Battle Over Cities - Hard Version

It is vitally important to have all the cities connected by highways in a war. If a city is conquered by the enemy, all the highways from/toward that city will be closed. To keep the rest of the cities connected, we must repair some highways with the minimum cost. On the other hand, if losing a city will cost us too much to rebuild the connection, we must pay more attention to that city.

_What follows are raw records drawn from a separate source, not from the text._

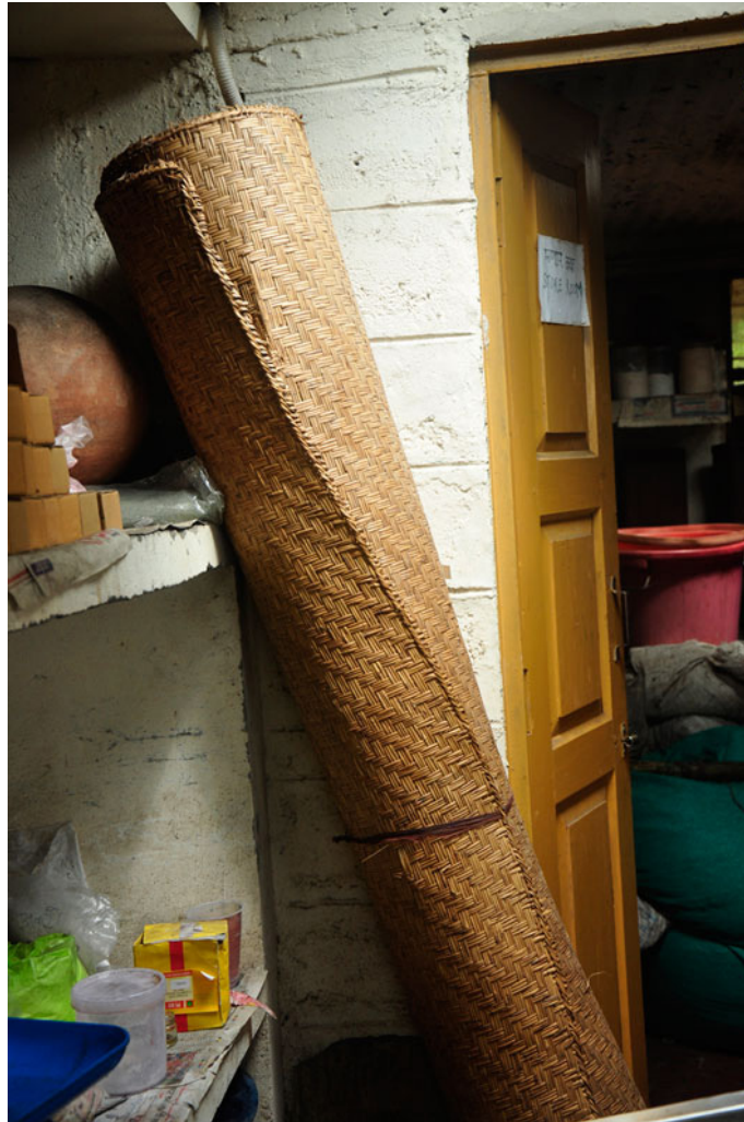
A multipurpose bamboo mat used for flooring, fencing and roof as well.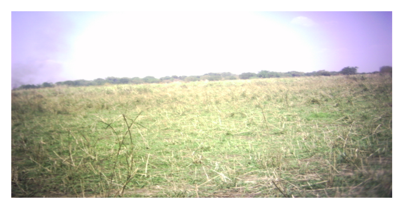
Photo 2: Part of formerly cleared Mngeta Farm characterized by open grassland

The formerly cleared part under rice production is characterized by regenerating grassland, which are used as grazing areas by the agro-pastoralists. ( Photo 2 ).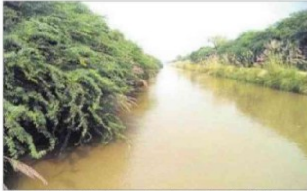
The supply of water in the canal has been reduced to 1,600 cusecs.

The Gang canal is one of the oldest irrigation systems in Rajasthan. It was built in 1928 to supply water to the northwestern part of Sriganagar, and discharges 2,500 cusecs of water.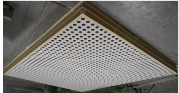
Test specimen installed for testing (image inverted to depict ceiling installation)

Given the map of cities which have all the destroyed and remaining highways marked, you are supposed to point out the city to which we must pay the most attention.

Input Specification:

Each input file contains one test case. Each case starts with a line containing 2 numbers N (≤500), and M, which are the total number of cities, and the number of highways, respectively. Then M lines follow, each describes a highway by 4 integers: City1 City2 Cost Status where City1 and City2 are the numbers of the cities the highway connects (the cities are numbered from 1 to N), Cost is the effort taken to repair that highway if necessary, and Status is either 0, meaning that highway is destroyed, or 1, meaning that highway is in use.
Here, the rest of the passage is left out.